_MATERIAL PROVIDED_
= = = = =
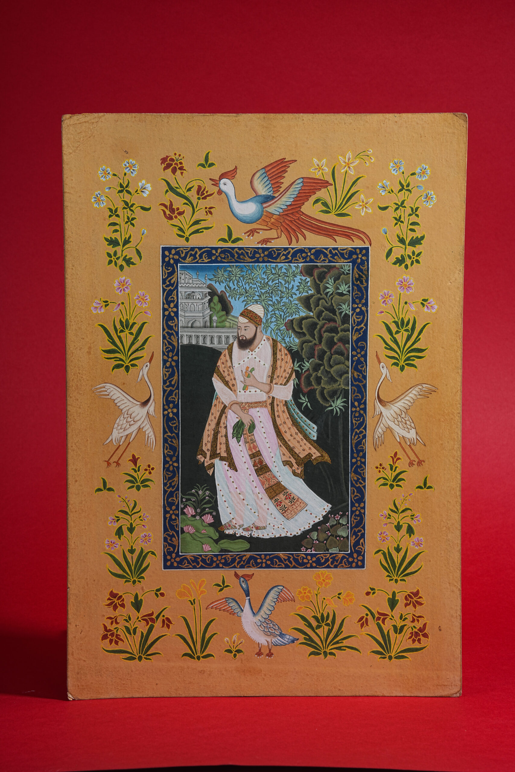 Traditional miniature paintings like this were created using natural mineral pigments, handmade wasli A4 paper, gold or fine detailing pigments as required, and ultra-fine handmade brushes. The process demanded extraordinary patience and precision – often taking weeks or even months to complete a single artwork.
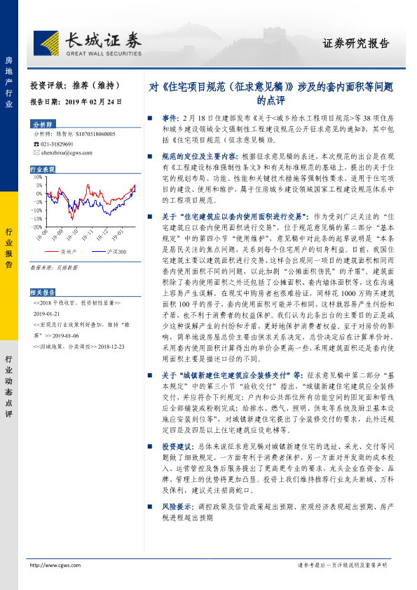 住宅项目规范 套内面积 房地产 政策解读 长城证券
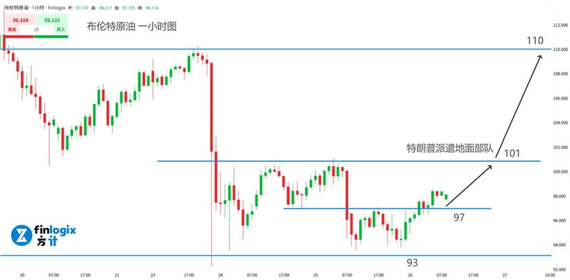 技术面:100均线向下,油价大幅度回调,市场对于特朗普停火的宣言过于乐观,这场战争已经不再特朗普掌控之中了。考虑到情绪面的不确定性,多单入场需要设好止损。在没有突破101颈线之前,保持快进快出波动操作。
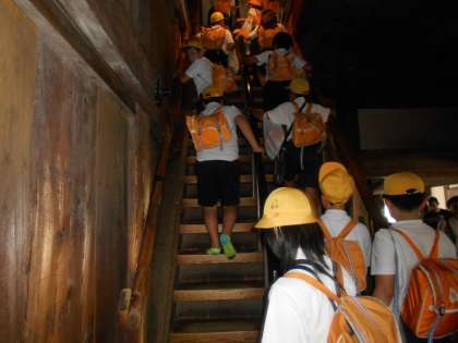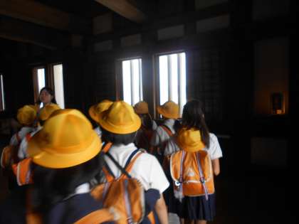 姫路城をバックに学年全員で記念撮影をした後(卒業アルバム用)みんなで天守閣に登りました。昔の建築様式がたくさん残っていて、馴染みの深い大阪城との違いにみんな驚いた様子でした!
= = = = =
_PROBLEM_
When you copy the data, keep every line exact and drop the pictures.

_ANSWER BOX_
 Traditional miniature paintings like this were created using natural mineral pigments, handmade wasli A4 paper, gold or fine detailing pigments as required, and ultra-fine handmade brushes. The process demanded extraordinary patience and precision – often taking weeks or even months to complete a single artwork.
 住宅项目规范 套内面积 房地产 政策解读 长城证券
 技术面:100均线向下,油价大幅度回调,市场对于特朗普停火的宣言过于乐观,这场战争已经不再特朗普掌控之中了。考虑到情绪面的不确定性,多单入场需要设好止损。在没有突破101颈线之前,保持快进快出波动操作。
 姫路城をバックに学年全員で記念撮影をした後(卒業アルバム用)みんなで天守閣に登りました。昔の建築様式がたくさん残っていて、馴染みの深い大阪城との違いにみんな驚いた様子でした!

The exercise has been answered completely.